- _Records shown_
****************************************
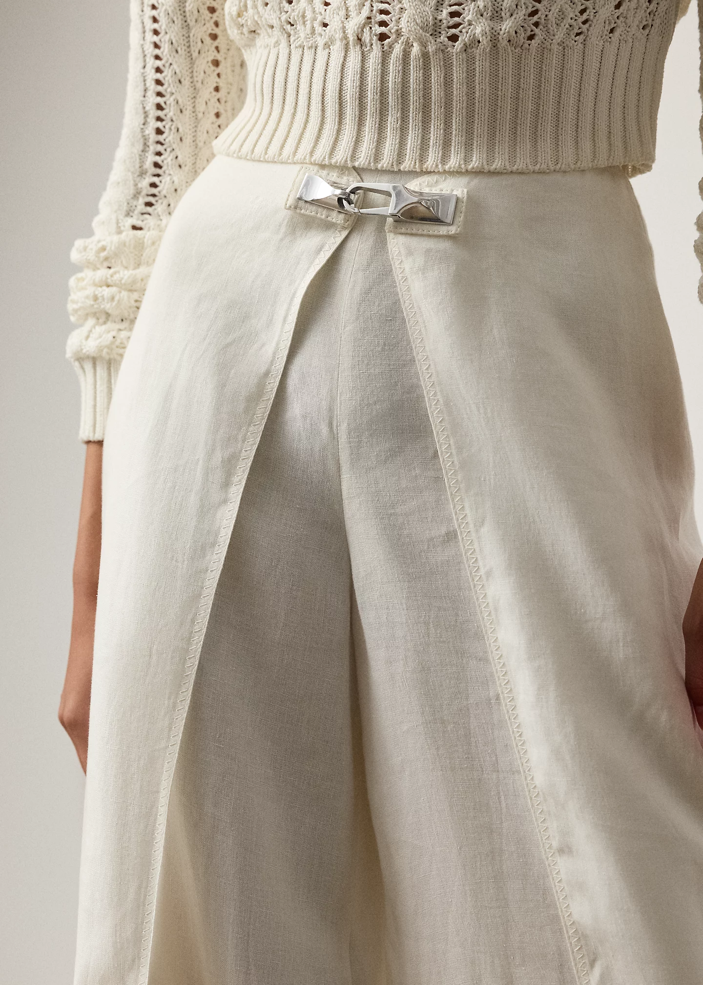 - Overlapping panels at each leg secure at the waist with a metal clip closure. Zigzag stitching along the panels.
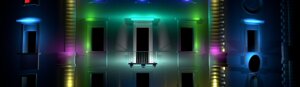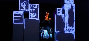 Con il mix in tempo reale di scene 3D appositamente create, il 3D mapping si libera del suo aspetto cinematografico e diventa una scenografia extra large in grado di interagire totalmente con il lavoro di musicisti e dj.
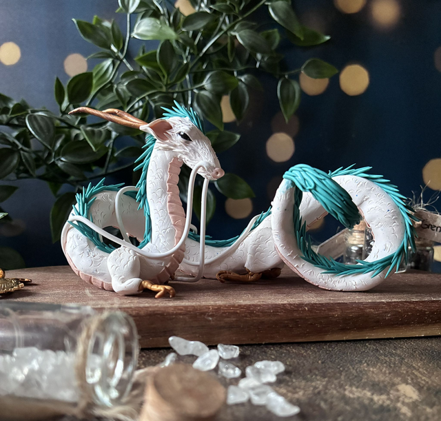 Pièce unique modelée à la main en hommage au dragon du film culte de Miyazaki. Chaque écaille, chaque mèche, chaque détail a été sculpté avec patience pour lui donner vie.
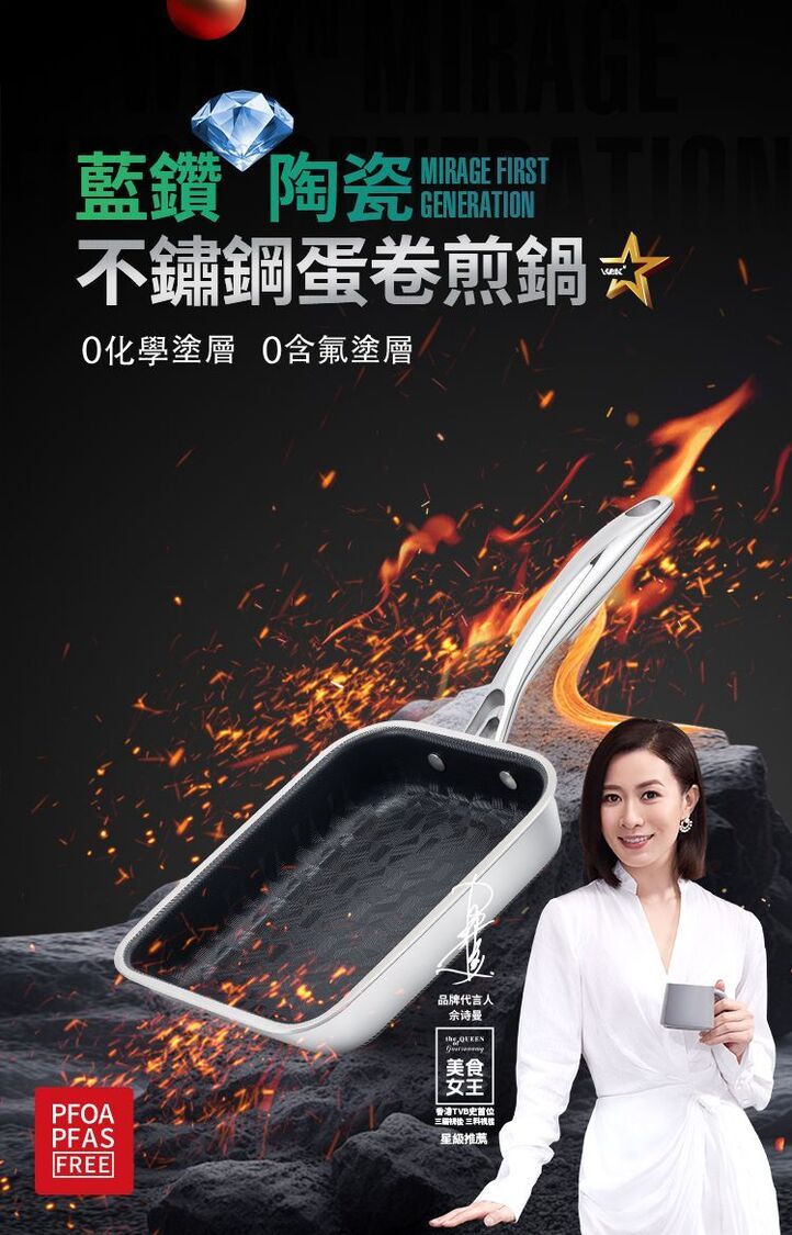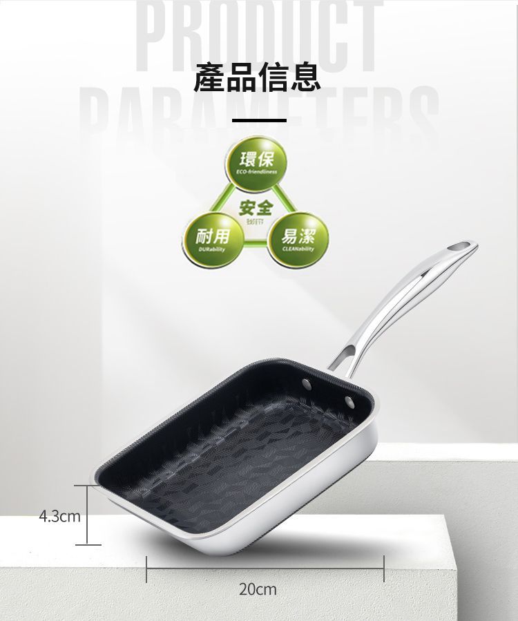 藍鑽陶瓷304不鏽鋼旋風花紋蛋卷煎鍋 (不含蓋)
****************************************
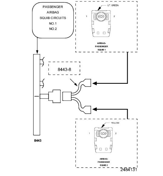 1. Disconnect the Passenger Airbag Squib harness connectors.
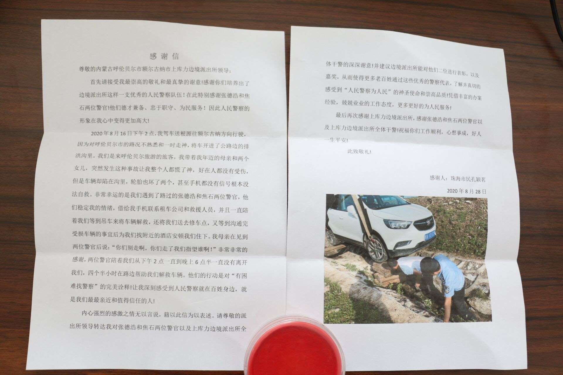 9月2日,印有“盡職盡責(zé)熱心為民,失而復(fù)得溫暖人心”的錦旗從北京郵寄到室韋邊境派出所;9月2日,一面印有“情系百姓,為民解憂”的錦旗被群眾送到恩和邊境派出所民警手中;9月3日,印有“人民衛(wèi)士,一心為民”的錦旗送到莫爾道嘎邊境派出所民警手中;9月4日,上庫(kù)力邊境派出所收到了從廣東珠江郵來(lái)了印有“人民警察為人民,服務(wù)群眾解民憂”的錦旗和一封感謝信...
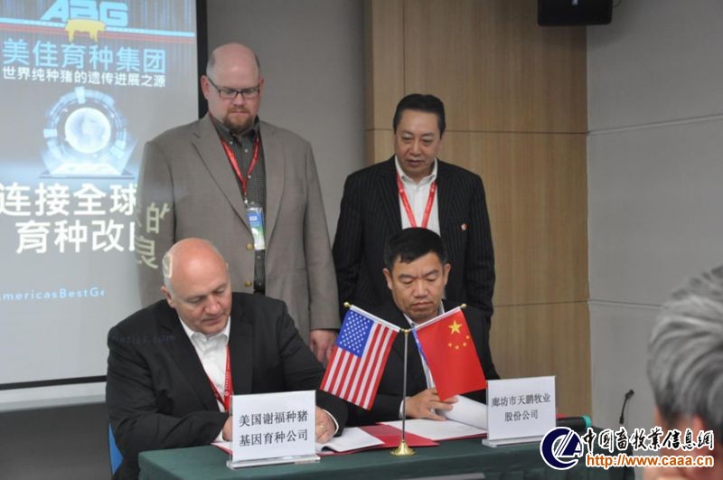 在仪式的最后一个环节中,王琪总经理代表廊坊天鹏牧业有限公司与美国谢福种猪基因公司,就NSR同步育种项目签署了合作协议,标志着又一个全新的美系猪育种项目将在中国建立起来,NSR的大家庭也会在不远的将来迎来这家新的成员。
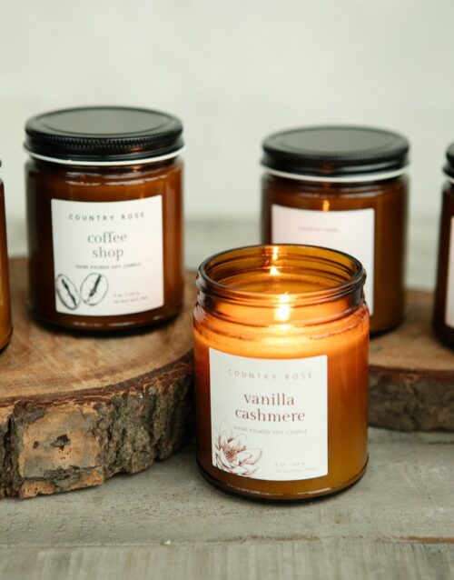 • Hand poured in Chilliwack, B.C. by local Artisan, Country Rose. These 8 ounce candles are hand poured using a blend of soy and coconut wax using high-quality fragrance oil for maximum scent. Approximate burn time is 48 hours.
****************************************
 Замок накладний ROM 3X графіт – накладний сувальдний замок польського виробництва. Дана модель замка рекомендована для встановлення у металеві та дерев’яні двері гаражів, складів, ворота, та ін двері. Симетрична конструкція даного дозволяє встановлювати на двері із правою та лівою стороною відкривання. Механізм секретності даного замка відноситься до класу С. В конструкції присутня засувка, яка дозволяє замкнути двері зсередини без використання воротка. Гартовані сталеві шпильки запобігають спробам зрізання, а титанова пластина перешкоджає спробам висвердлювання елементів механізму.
****************************************
- _Your assignment_
In the listing above, the required lines run from the line with "- Overlapping panels" through the line with "Con il mix in". Output exactly those lines, omitting pictures.

- _Exercise solution_
 - Overlapping panels at each leg secure at the waist with a metal clip closure. Zigzag stitching along the panels.
 Con il mix in tempo reale di scene 3D appositamente create, il 3D mapping si libera del suo aspetto cinematografico e diventa una scenografia extra large in grado di interagire totalmente con il lavoro di musicisti e dj.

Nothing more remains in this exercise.